The database system according to claim 2, wherein
During the series of iterative search processes, the node that became the target node is shifted to a special status that is an exclusion status. During the series of iterative search processes, the transition from the exclusion status to another status is performed. A database system characterized by not allowing it to be performed.
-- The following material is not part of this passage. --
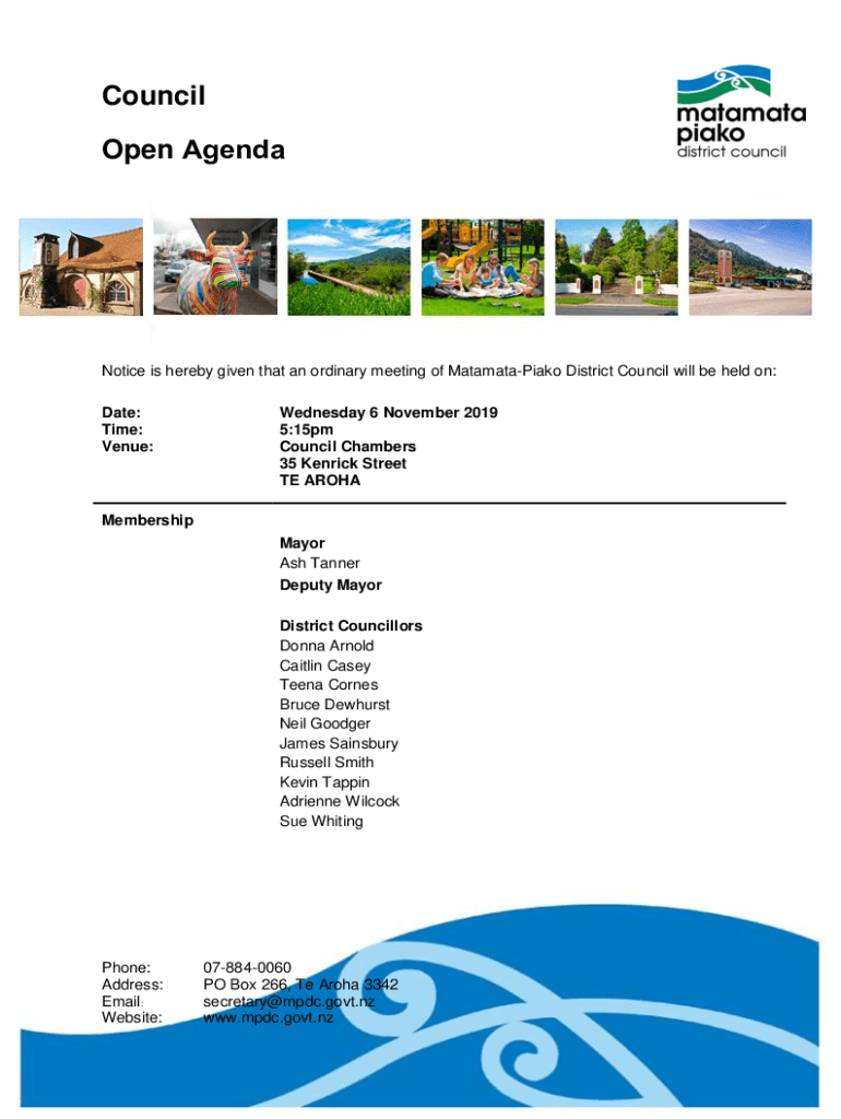 Open AgendaNotice is hereby given that an ordinary meeting of MatamataPiako District Council will be held on:
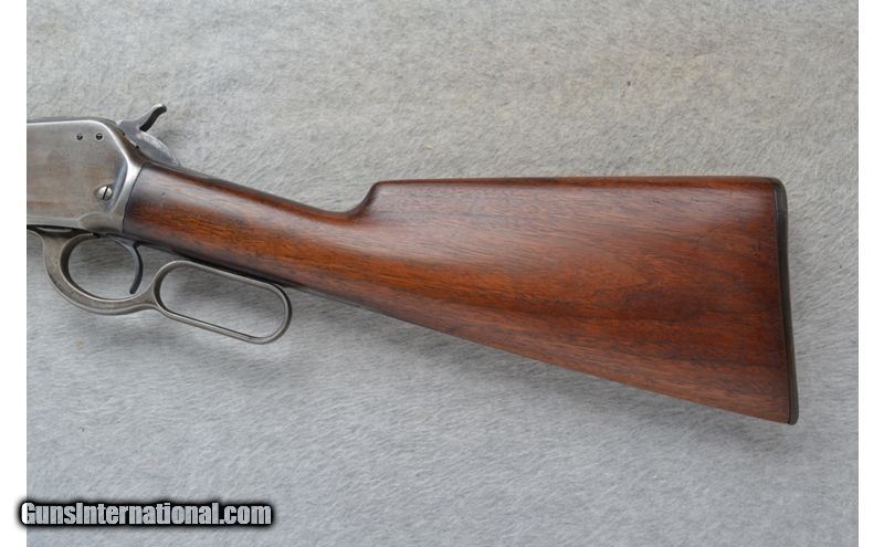 Description: This Winchester Model 1886 is a right hand lever action repeating rifle in .33 WCF Cal. It has a 24 inch barrel. A blade front sight and an adjustable notch middle sight. The butt stock is a smooth grip walnut straight grip. The forearm is a smooth grip walnut with a steel cap. Serial Number 131224A (1903). .33 WCF SOLD Curio/Relic: Yes Chambers: Lever Action 4 round tube magazine. Metal Condition: "Good. Has blue wear, minor freckling, minor handling marks and patina. Wood Condition: Good. Has handling marks. Bore Condition: Excellent. Barrels: 24 inch. Stock Dimensions: LOP 13 1/8 inches. Fore End: Smooth grip walnut with a steel cap. Butt Pad: Winchester checkered plate. Weight: 7 lb. 8 oz. Sights: Raised blade front. Adjustable notch middle. Item Location: Richfield, WI |

The database system according to claim 2, wherein
During a series of iterative search processing, a fall experience node that has fallen to the lowest status S1 is presented as a candidate node, and when the fall experience node is adopted, the fall experience node falls to the lowest status S1 A database system characterized by further comprising a learning means for defining a new link between the node of interest at the time of the failure and the fall experience node and adding the new link to the link aggregate .

The database system according to claim 2, wherein
A database system characterized by independently determining the value of the status promotion stage u for each related node based on the degree of relationship between the node of interest and each related node.